Esta edição de VEJA retrata em cores dramáticas as contradições do Poder Judiciário no Brasil, uma hierarquia imperfeita encarregada de interpretar e aplicar leis que, como mostrou a última capa de VEJA, formam um cipoal de abstrações, quando não de absurdos. A revista foca agora os bastidores da Justiça, onde, longe dos olhos dos brasileiros, se trava uma diuturna luta do bem contra o mal, de juízes honestos e heróicos contra seus pares reféns ou cúmplices do crime organizado. Essa contradição chegou ao ápice com a discussão aberta e corajosa sobre a honestidade dos juízes brasileiros sendo feita publicamente pelas mais altas autoridades do Judiciário em Brasília.

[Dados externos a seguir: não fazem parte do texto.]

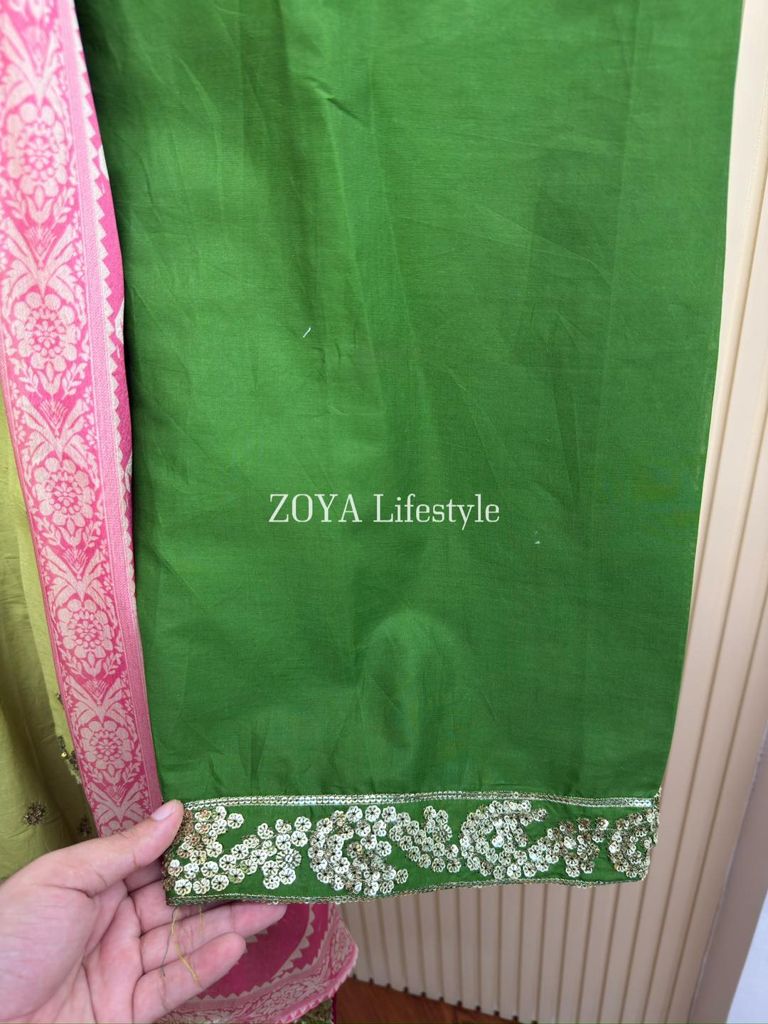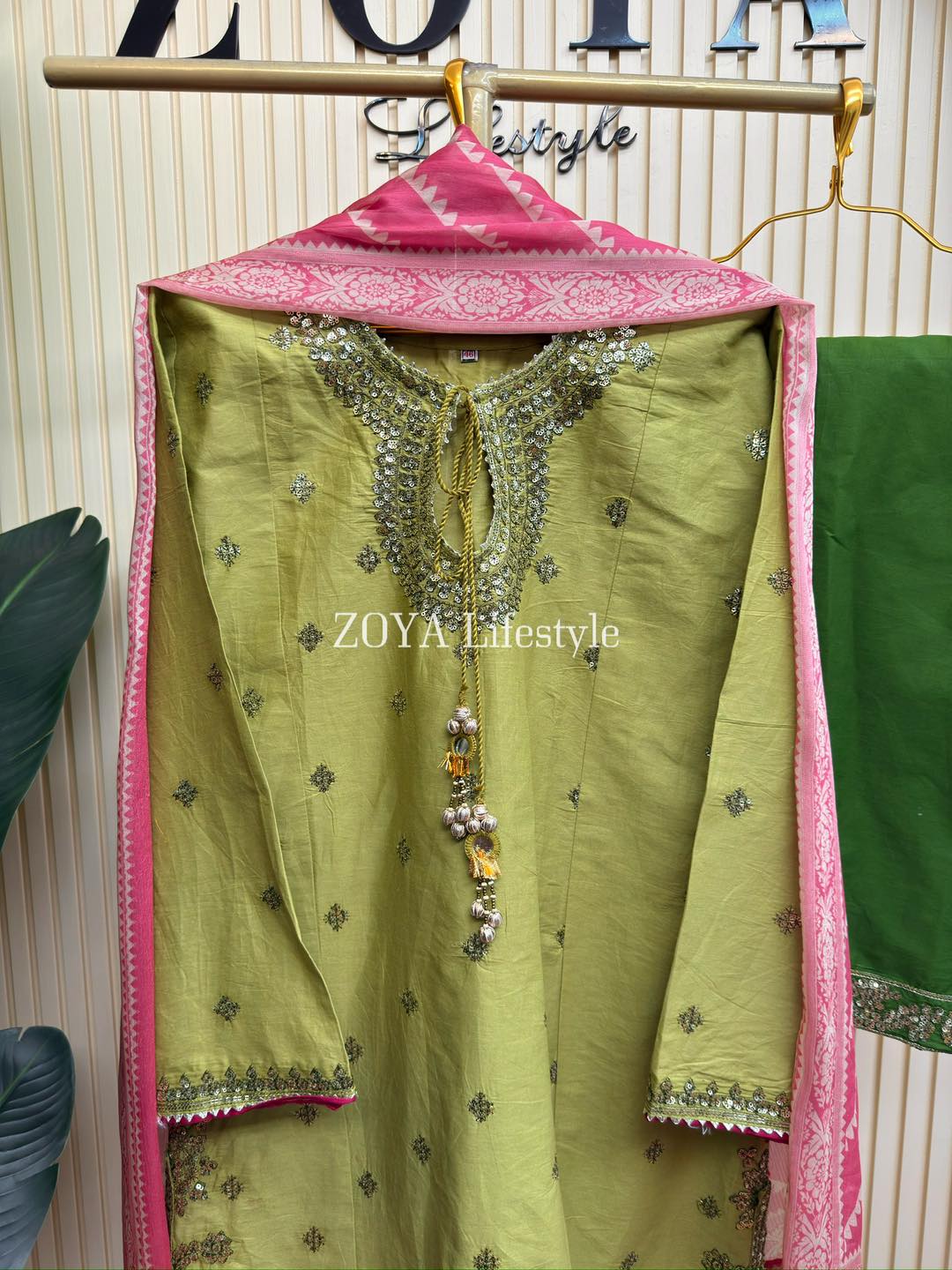Material: Cotton with sequins embroidery work all over. Cotton Farshi pant with sequins embroidered pannel. Printed silk orna.

"A magistratura hoje está com gravíssimos problemas de infiltração de bandidos que estão escondidos atrás da toga", disparou Eliana Calmon, corregedora nacional de Justiça. "Em quarenta anos de magistratura nunca li coisa tão grave. É um atentado ao estado democrático de direito", reagiu Cezar Peluso, presidente do Conselho Nacional de Justiça (CNJ), que desafiou
a corregedora a citar casos e nomes, sob o risco de fazer generalizações injustas sobre toda uma classe.
Ainda na semana passada, talvez para evitar decidir no calor da polêmica entre Eliana Calmon e Cezar Peluso, o Supremo Tribunal Federal (STF) resolveu postergar sua decisão sobre quais devem ser os poderes do CNJ no trabalho de vigiar e punir juízes, cujas entidades de classe defendem a tese de que o mau comportamento deles só pode ser punido pelas corregedorías de cada instância.

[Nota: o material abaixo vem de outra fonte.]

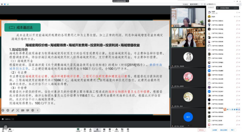 此次讲座,使资产评估专业师生了解了海洋资源、用海类型及方式,学习了海洋资源与环境评估的特点和方法,初步认识到向海发展过程中凸显的专业问题。为资产评估专业向海发展提供了新的思路和方向,也坚定了资产评估专业在海域使用权出让、抵押、转让、收回及征用领域,以及海洋资源、海域作价参与企业经济活动涉及的评估方面的发展努力,提升了专业知识,增强了专业认同、文化自信和职业期待。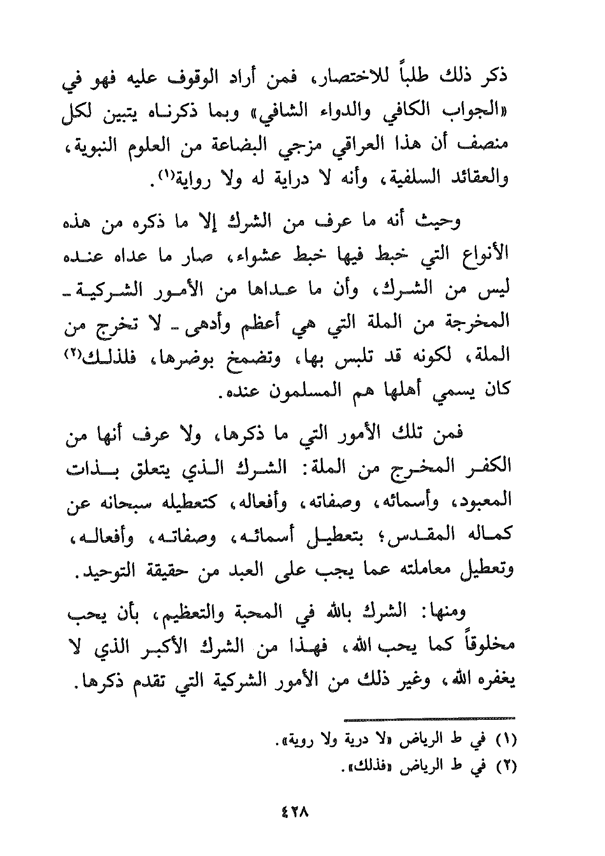 وحيث أنه ما عرف من الشرك إلا ما ذكره من هذه الأنواع التي خبط فيها خبط عشواء، صار ما عداه عنده ليس من الشرك، وأن ما عداها من الأمور الشركية -المخرجة من الملة التي هي أعظم وأدهى- لا تخرج من الملة، لكونه قد تلبس بها، وتضمخ بوضرها، فلذلك2 كان يسمي أهلها هم المسلمون عنده.
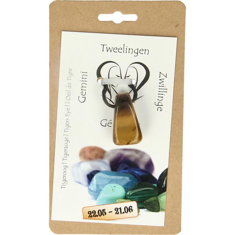 Edelsteen Tijgeroog 15-20mm met anti-allergisch, edelstalen hangeroog passend bij het sterrenbeeld tweelingen.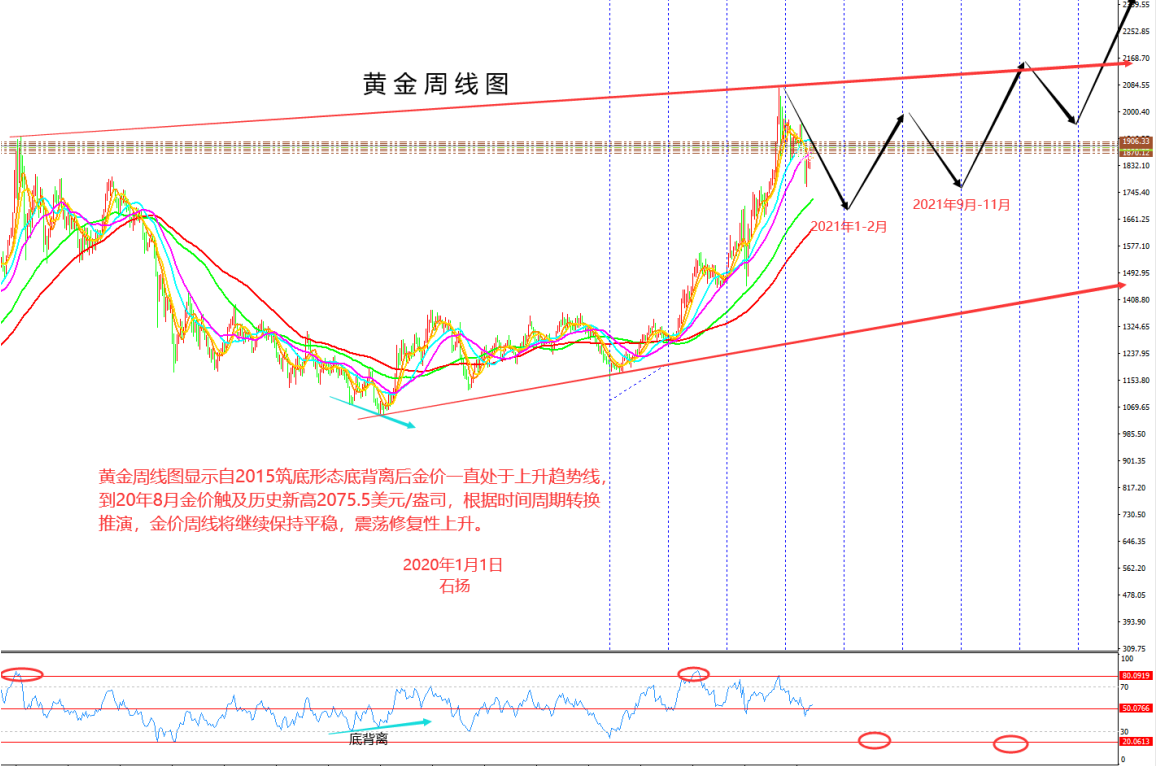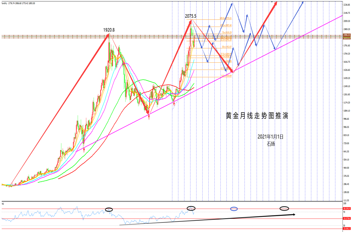 从月线级别的2020年8月筑顶RSI指标超80数值显示超买回撤信号出现后,金价连续4个月收阴,但是根据历史金价走势中RSI指标超过80以上之后次月开始大跌的3次走势来看,目前的金价这个震荡下行回撤时间还不够。2011年8月月线图RSI超过80形成超买后,金价振荡13个月未能突破前高,下调调整3年之久。所以根据目前基本面市场数据及美元走势对金价的影响来看,目前并不支持见顶,因为RSI指标月线图根本不存在顶部形态RSI指标的背离出现,根据时间周期转换历史行情数据计算等手段,金价想突破前期8月高点2075.5美元,那么需要关注本年度2021年的第三季度的8月,重点关注是第四季度的11月后。月线级别的回撤调整目标根据多重技术数据综合分析21年金价回档目标首要关注理论调整目标1763/1684,极限回调位1613/1560。时间周期自2011年9月金价上涨触及1921美元,创历史高点后至2015年12月金价下调跌至1046美元,经历52个月时间周期,那么本轮金价上涨是2020年3月,所以21年预期3月也依旧较为为重,决定了金价未来下半年2-4季度的走势,如果确立2075.5顶部形态成立,那么金价未来的调整周期时间在2025年的6/8月结束。

A reportagem de VEJA investigou o que ocorreu com juízes brasileiros flagrados
de maneira inconteste em escândalos de corrupção na última década. Os repórteres rastrearam o andamento de processos criminais de 39 magistrados pegos em operações da Polícia Federal. Dos 39 envolvidos, 31 foram denunciados à Justiça e apenas sete foram julgados. Dos sete, apenas dois foram condenados, mas ainda recorrem da decisão. Só um está preso, Nícolau dos Santos Neto, o Lalau, mesmo assim domiciliarmente. A reportagem nos leva à conclusão de, que, se a impunidade é regra geral para os parlamentares, ela é lei no Judiciário.

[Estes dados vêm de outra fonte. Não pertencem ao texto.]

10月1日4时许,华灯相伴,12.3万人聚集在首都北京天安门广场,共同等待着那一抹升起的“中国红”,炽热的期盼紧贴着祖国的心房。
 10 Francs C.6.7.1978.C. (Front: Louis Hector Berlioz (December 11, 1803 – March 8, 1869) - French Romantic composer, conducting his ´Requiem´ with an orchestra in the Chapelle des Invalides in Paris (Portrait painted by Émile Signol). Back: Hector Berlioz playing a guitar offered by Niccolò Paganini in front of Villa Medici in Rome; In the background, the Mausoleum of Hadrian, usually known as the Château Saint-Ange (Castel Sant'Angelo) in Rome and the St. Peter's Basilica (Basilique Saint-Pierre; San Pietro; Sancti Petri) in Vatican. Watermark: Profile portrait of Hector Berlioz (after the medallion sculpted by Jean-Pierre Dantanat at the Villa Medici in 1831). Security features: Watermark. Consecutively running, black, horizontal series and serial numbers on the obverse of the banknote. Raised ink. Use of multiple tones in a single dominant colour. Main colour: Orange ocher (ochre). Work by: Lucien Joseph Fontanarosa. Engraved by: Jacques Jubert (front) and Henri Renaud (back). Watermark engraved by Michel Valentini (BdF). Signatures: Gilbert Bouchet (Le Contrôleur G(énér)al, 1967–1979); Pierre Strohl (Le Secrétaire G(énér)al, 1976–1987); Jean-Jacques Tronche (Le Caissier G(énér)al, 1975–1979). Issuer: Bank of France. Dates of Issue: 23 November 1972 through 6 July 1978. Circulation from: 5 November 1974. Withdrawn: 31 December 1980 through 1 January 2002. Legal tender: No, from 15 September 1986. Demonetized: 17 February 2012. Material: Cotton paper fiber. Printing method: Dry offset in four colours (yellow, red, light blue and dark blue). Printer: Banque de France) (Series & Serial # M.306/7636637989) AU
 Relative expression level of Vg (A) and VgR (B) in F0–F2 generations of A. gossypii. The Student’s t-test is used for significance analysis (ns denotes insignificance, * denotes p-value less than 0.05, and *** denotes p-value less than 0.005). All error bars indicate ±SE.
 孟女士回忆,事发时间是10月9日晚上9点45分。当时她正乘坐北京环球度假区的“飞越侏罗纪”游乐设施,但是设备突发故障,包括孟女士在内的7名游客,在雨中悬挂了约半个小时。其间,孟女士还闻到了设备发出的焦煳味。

Estava passando da hora de o Brasil encarar essa questão, e é ótimo que ela tenha entrado em ebulição. O Poder Judiciário é o garantidor da ordem, do cumprimento dos contratos e da harmonia social mínima necessária para que uma nação marche na direção correta, rumo ao progresso material e social para a maioria de seus cidadãos. Sem justiça funcional, não existem prosperidade nem democracia. Sem juízes honestos e imparciais, não existe justiça.